● WHAT YOU SHOULD DO:
With the pictures left aside, write out exactly the lines of the listing below from the line with "首先需要创建connecti" to the line with "These are a", both included, and only those.

● ENTRIES PROVIDED:
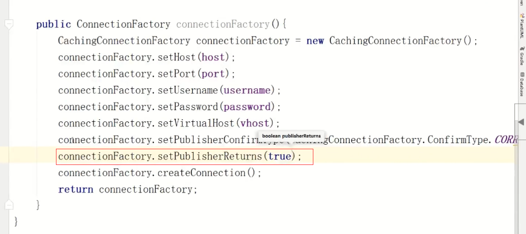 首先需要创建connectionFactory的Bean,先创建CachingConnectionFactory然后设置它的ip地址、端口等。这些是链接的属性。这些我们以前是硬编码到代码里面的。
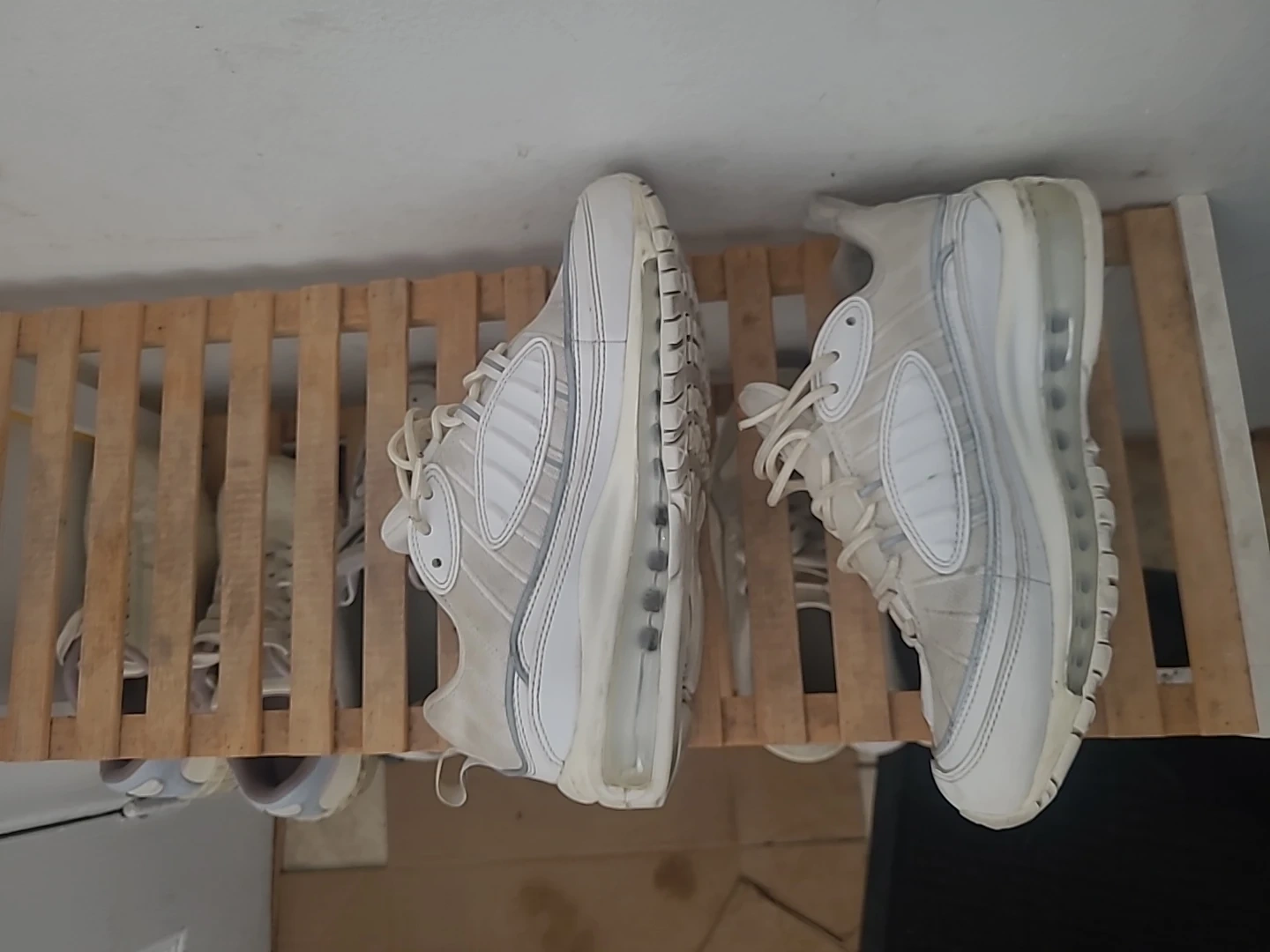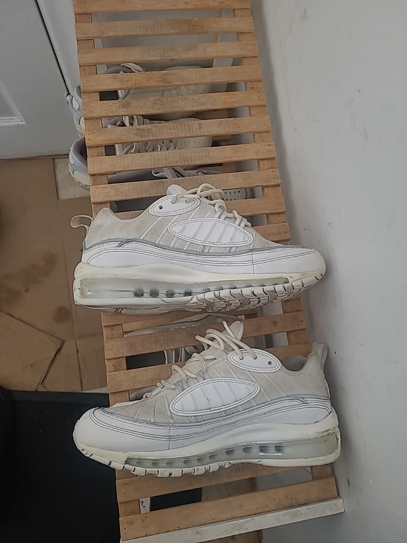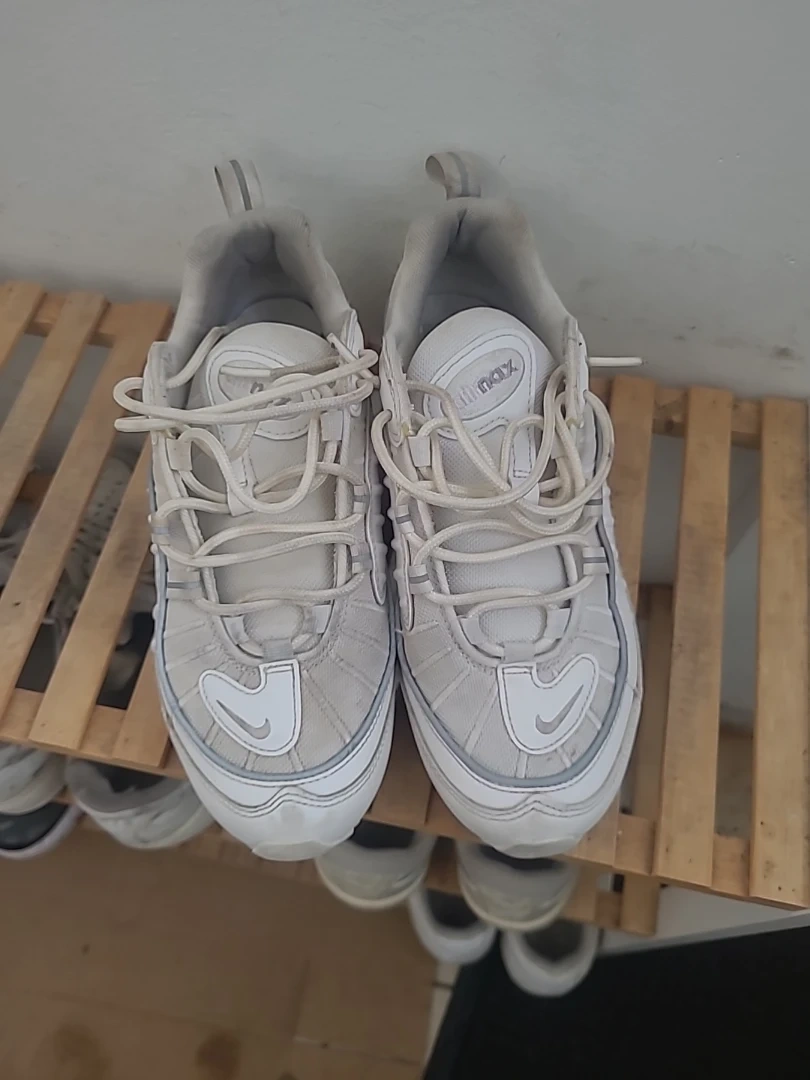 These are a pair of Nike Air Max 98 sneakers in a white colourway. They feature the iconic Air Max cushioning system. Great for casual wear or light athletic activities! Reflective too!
* * *
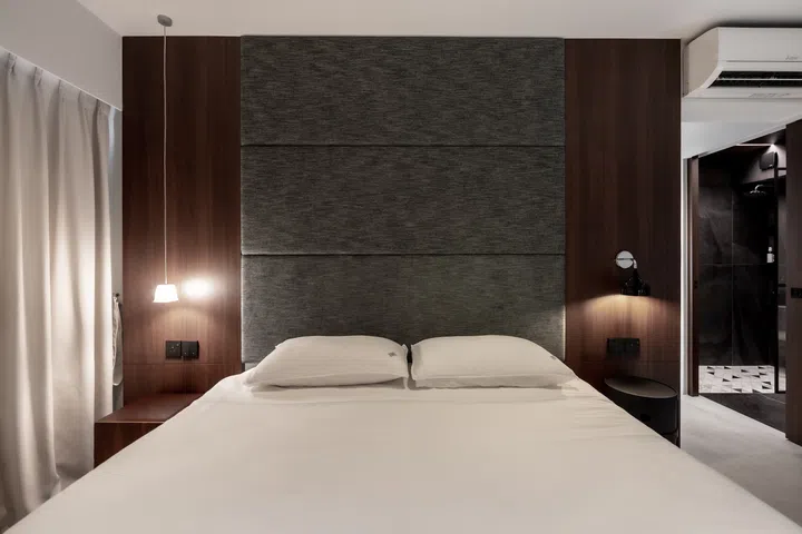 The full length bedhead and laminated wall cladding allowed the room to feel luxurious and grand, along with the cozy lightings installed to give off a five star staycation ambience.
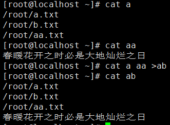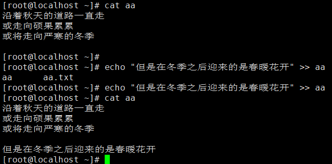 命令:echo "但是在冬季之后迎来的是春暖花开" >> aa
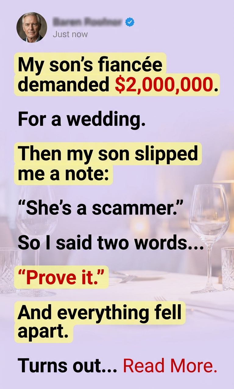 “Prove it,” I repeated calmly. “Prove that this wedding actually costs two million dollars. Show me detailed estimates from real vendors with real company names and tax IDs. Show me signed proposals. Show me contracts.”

● SOLUTION TO THIS TASK:
 首先需要创建connectionFactory的Bean,先创建CachingConnectionFactory然后设置它的ip地址、端口等。这些是链接的属性。这些我们以前是硬编码到代码里面的。
 These are a pair of Nike Air Max 98 sneakers in a white colourway. They feature the iconic Air Max cushioning system. Great for casual wear or light athletic activities! Reflective too!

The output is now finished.